Friday, 23 May 2014

The Haskell Programming Language
Learning programming logic & mathematical reasoning in practice, and to connect formal reasoning to computer programming is quite difficult. It is convenient to choose a programming language for this that permits implementation to remain as close as possible to the formal definitions. Such a language is the functional programming language Haskell[HT]. Haskell was named after logician Haskell B. Curry, together with Alonzo Church, laid the foundations of functional programming language, Haskell is a member of Lisp family. Others family members are Scheme, ML, Occam, Clean. Haskell98 is intended as a standard for lazy functional programming. Lazy functional programming is a programming style where arguments are evaluated only when the value is actually needed.
Haskell is an advanced purely-functional programming language. An open-source product of more than twenty years of cutting-edge research, it allows rapid development of robust, concise, correct software. With strong support for integration with other languages, built-in concurrency and parallelism, debuggers, profilers, rich libraries and an active community, Haskell makes it easier to produce flexible, maintainable, high-quality software.
Haskell is lazy.
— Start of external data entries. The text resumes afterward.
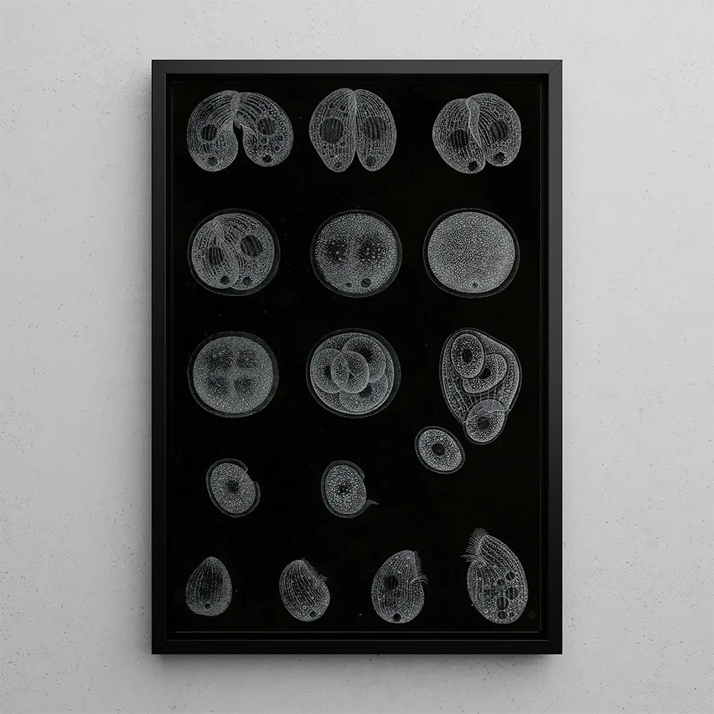 Development of an art print: a microscopic dance "Development of an art print" by Alfred Frödl transports us into a microscopic world, revealing the hidden beauty of unicellular organisms. With vibrant colors and fluid shapes, this artwork evokes a dynamic of life, almost dancing, where each infusoire seems to come alive before our eyes. Frödl's technique, combining scientific precision with artistic sensitivity, creates a captivating atmosphere, inviting the viewer to explore the mysteries of biology. The piece is a celebration of the diversity and complexity of life, highlighting creatures often invisible to the naked eye. Alfred Frödl: an artist at the crossroads of art and science Alfred Frödl, active in the 20th century, is an artist whose work illustrates the intersection between art and science. His passion for biology and his interest in scientific discoveries of his time led him to explore subjects such as infusoria, thus revealing their beauty and ecological importance. Frödl was influenced by advances in microbiology and sought to educate the public through his art, making him a pioneer in using art as a means of awareness. His legacy endures, inspiring new generations of artists to combine creativity and scientific knowledge. A decorative acquisition with multiple assets The art print of "Development of an infusoire" is an ideal decorative choice for those who wish to add a touch of originality to their interior. Whether in an office, a living room, or a bedroom, this canvas draws the eye and sparks curiosity. Its printing quality ensures exceptional fidelity to the details of the original work, allowing you to fully enjoy the visual richness it offers. By integrating this piece into your space, you create an atmosphere that is both artistic and educational, while celebrating the beauty of the microscopic world. It is a piece that enriches not only your decor but also your reflection on nature.
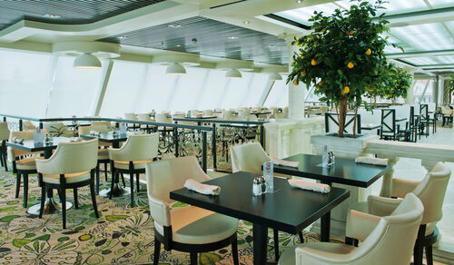 На борту 4 ресторана, 6 баров и особое отношение к еде. Здесь Вам не нужно выбирать смену питания, так как Вы можете посещать ресторан в любое удобное для Вас время, а меню формируется с учетом посещения портов. Таким образом, Вы сможете попробовать блюда национальных кухонь.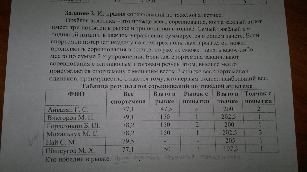 То есть нужно что бы у одного человека была самая большая сумма результатов и самый маленький вес, я так понимаю. По моим расчетам это Михальчук. Но в ответе В ЯЧЕЙКЕ должна появиться ФАМИЛИЯ. Не могу сделать( Хелп, ребят.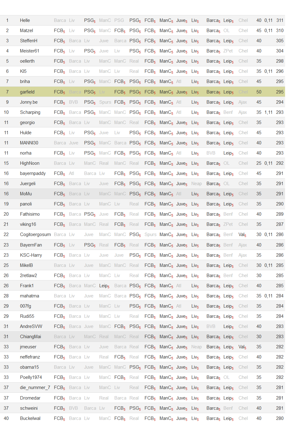 Champions League-Tippspiel-Statistiken: Saison 2019/20
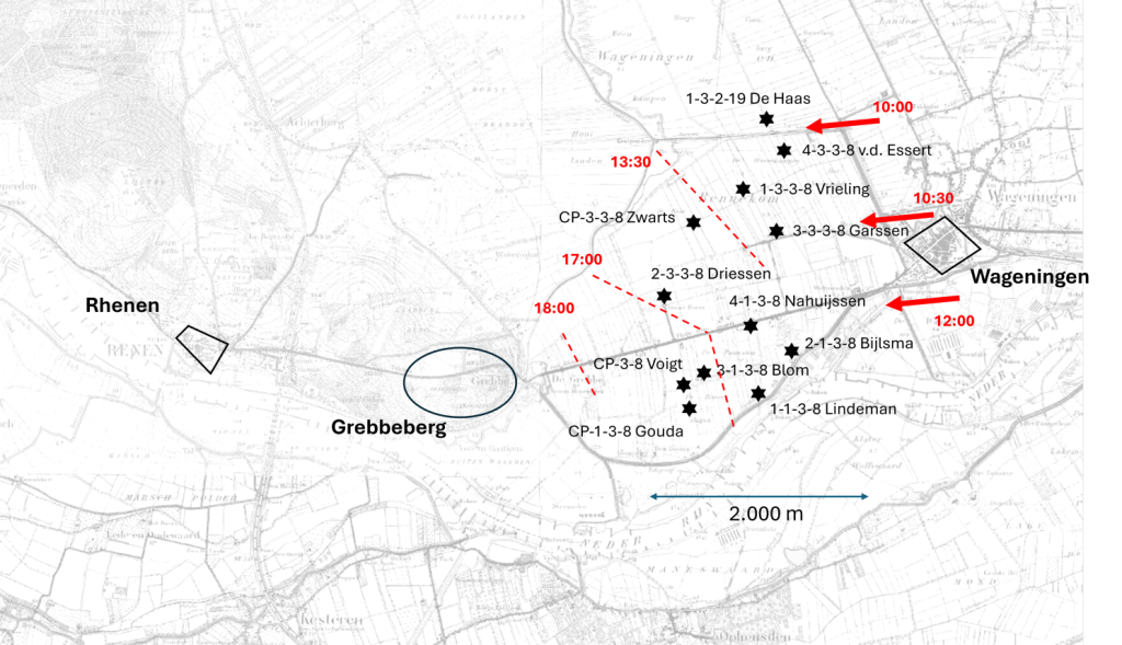 De compagnie van Gouda was opgesteld in een gebied van zo’n 1.000 bij 1.000 meter. Voor hedendaagse begrippen is dat een enorm gebied, te groot om met een compagnie te verdedigen. Gouda zijn compagnie bestond uit 4 secties, verdeeld over 19 groepssteunpunten, elk bezet met een lichte mitrailleur, en een compagniescommandopost. De 1e sectie van Bijlsma vooraan, vlak tegen Wageningen. Daar linksachter de 4e sectie van Nahuijssen, rechtsachter de 1e sectie van Lindeman. Blom was met zijn 3e sectie de Hekkesluiter. En compagniescommandant Gouda zat met zijn commandopost weer achter Blom.

That means that unless specifically told otherwise, Haskell won't execute functions and calculate things until it's really forced to show you a result. 
Haskell is statically typed. When you compile your program, the compiler knows which piece of code is a number, which is a string and so on.
Haskell is elegant and concise. Because it uses a lot of high level concepts, Haskell programs are usually shorter than their imperative equivalents. And shorter programs are easier to maintain than longer ones and have fewer bugs.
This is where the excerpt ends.